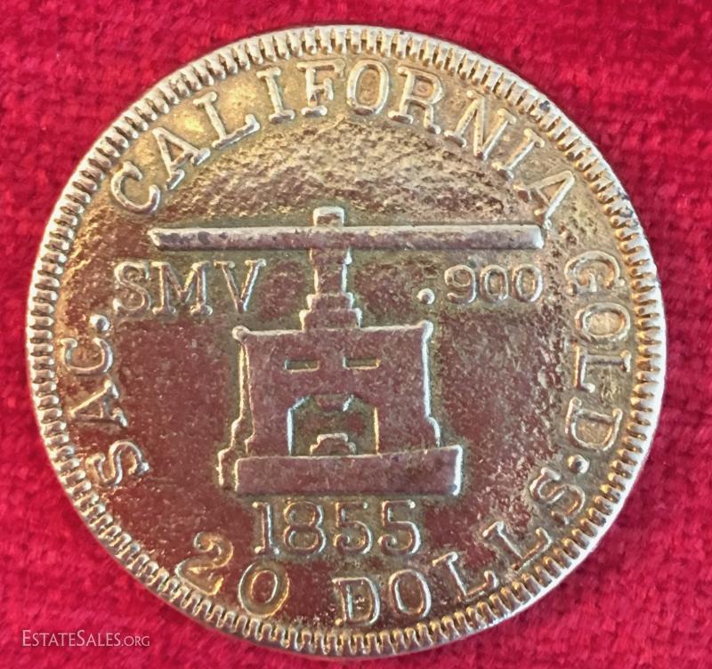 This is a replica coin of a $20 gold piece from the California gold rush days.
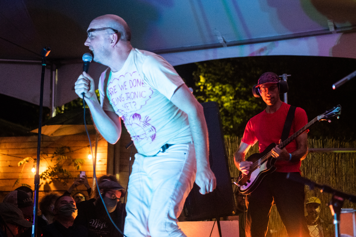 Shortly after, they announced the early October release date of their new album, Sophisticated Urban Living (Contemporary Conveniences Edition). The new album’s concept was made clear to me as the band performed their classic song “Luxury Condos for the Poor” at the end of the Current Space show. “A fresh coat of paint won’t cover up these stains,” Strals sang. Their on-stage performance embodied their sincere punk spirit with a relentless expression against gentrification, class indignation, and the phenomenon of house flipping before the 2008 financial crisis. The song rang familiar to the current situation in the United States, with many people unemployed and unable to pay rent or mortgage, while the housing market is still going up.
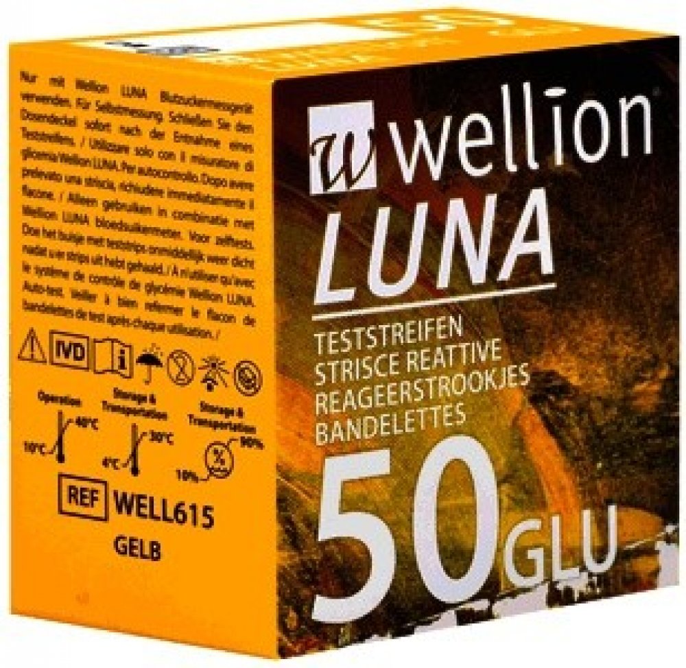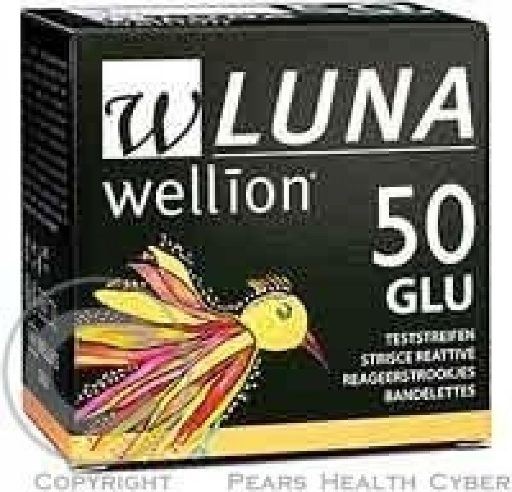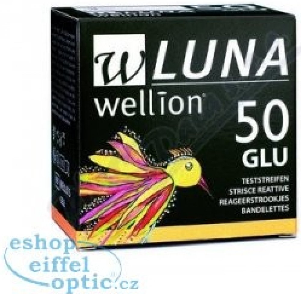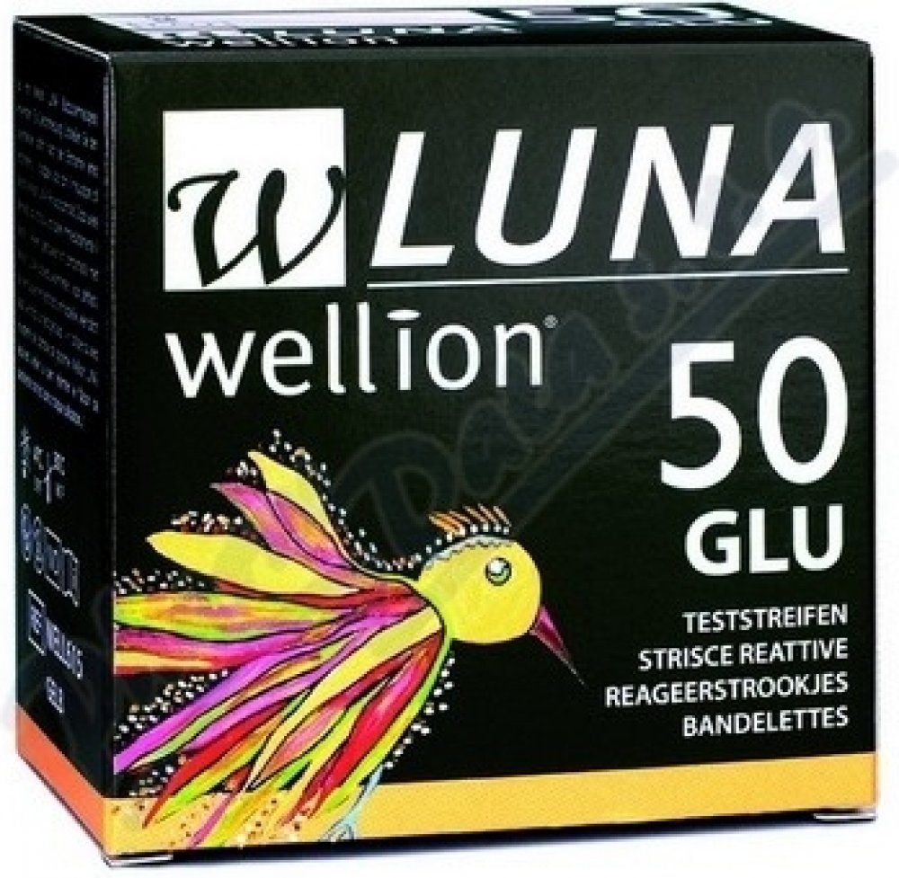 Proužky se vyrábějí v několika různých vrstvách obsahujících elektrody, které byly na proužek naneseny speciální technologií. Biologický substrát – oxidáza glukózy – je vysoce přesným dávkovacím zařízením umístěn v reakční zóně testovacího proužku. Oxidáza glukózy je enzym, který velmi specifickým způsobem reaguje s glukózou obsaženou v krvi. Během této reakce je generován elektrický proud, který je přepočítán a zobrazen na displeji přístroje jako obsah cukru v krvi. Testovací proužky Wellion LUNA jsou vybaveny tzv. technologií BEZ KÓDOVÁNÍ, což zaručuje uživatelům vysokou bezpečnost měření. Během vývoje testovacích proužků Wellion LUNA jsme se snažili vyrobit testovací proužky vhodné velikosti, umožňující tak snadné vyjímání proužků z nádobky a jejich jednoduché vložení do testovací štěrbiny přístroje. Konec testovacího proužku, který nasává kapku krve do reakční zóny, je dostatečně vzdálen od samotného přístroje. Tím se zabrání potřísnění přístroje krví. K použití s přístrojem Wellion LUNA.
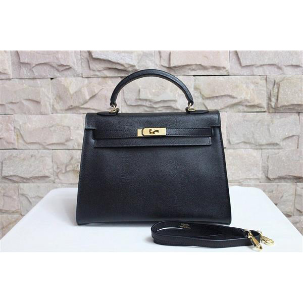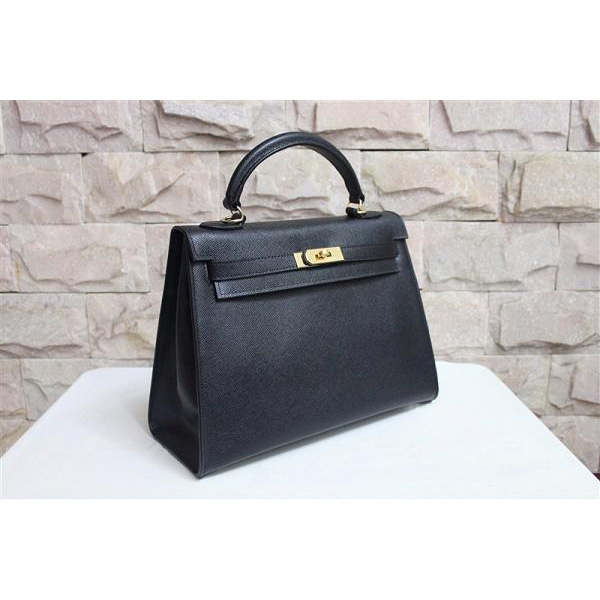 2014 Hermes Kelly 28cm Epsom Leather Bag Black with Gold hardware
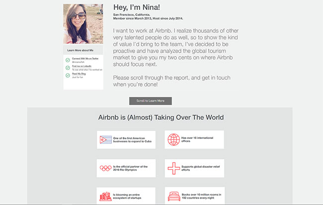 Προσπάθησε να έρθει σε επαφή με την εταιρεία μέσω email και αγγελιών για θέσεις εργασίας αλλά η προσπάθειά της δεν απέδωσε καρπούς. Οπότε αποφάσισε να πάει την έρευνά της στο επόμενο επίπεδο δημιουργώντας ένα φανταστικό βιογραφικό που αντανακλά την ιστοσελίδα της Airbnb.
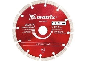 MATRIX PREMIUM Диск алмазный отрезной сегментный, 115 х22,2мм
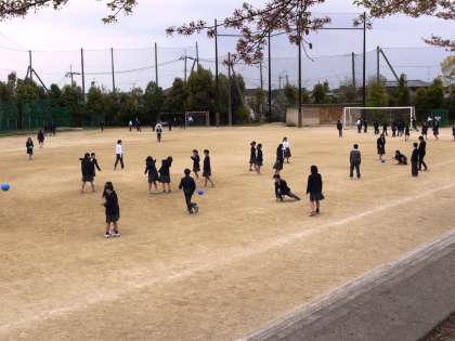 少し雨が降っていましたが,たくさんの生徒たちがグラウンドで元気に遊んでいました。さあ,午後からも集中して授業に取り組みましょう!
==================================================
• [ASSIGNMENT]: The answer is the complete set of records, copied exactly, with pictures omitted.

• [EXERCISE RESULT]:
 This is a replica coin of a $20 gold piece from the California gold rush days.
 Shortly after, they announced the early October release date of their new album, Sophisticated Urban Living (Contemporary Conveniences Edition). The new album’s concept was made clear to me as the band performed their classic song “Luxury Condos for the Poor” at the end of the Current Space show. “A fresh coat of paint won’t cover up these stains,” Strals sang. Their on-stage performance embodied their sincere punk spirit with a relentless expression against gentrification, class indignation, and the phenomenon of house flipping before the 2008 financial crisis. The song rang familiar to the current situation in the United States, with many people unemployed and unable to pay rent or mortgage, while the housing market is still going up.
 Proužky se vyrábějí v několika různých vrstvách obsahujících elektrody, které byly na proužek naneseny speciální technologií. Biologický substrát – oxidáza glukózy – je vysoce přesným dávkovacím zařízením umístěn v reakční zóně testovacího proužku. Oxidáza glukózy je enzym, který velmi specifickým způsobem reaguje s glukózou obsaženou v krvi. Během této reakce je generován elektrický proud, který je přepočítán a zobrazen na displeji přístroje jako obsah cukru v krvi. Testovací proužky Wellion LUNA jsou vybaveny tzv. technologií BEZ KÓDOVÁNÍ, což zaručuje uživatelům vysokou bezpečnost měření. Během vývoje testovacích proužků Wellion LUNA jsme se snažili vyrobit testovací proužky vhodné velikosti, umožňující tak snadné vyjímání proužků z nádobky a jejich jednoduché vložení do testovací štěrbiny přístroje. Konec testovacího proužku, který nasává kapku krve do reakční zóny, je dostatečně vzdálen od samotného přístroje. Tím se zabrání potřísnění přístroje krví. K použití s přístrojem Wellion LUNA.
 2014 Hermes Kelly 28cm Epsom Leather Bag Black with Gold hardware
 Προσπάθησε να έρθει σε επαφή με την εταιρεία μέσω email και αγγελιών για θέσεις εργασίας αλλά η προσπάθειά της δεν απέδωσε καρπούς. Οπότε αποφάσισε να πάει την έρευνά της στο επόμενο επίπεδο δημιουργώντας ένα φανταστικό βιογραφικό που αντανακλά την ιστοσελίδα της Airbnb.
 MATRIX PREMIUM Диск алмазный отрезной сегментный, 115 х22,2мм
 少し雨が降っていましたが,たくさんの生徒たちがグラウンドで元気に遊んでいました。さあ,午後からも集中して授業に取り組みましょう!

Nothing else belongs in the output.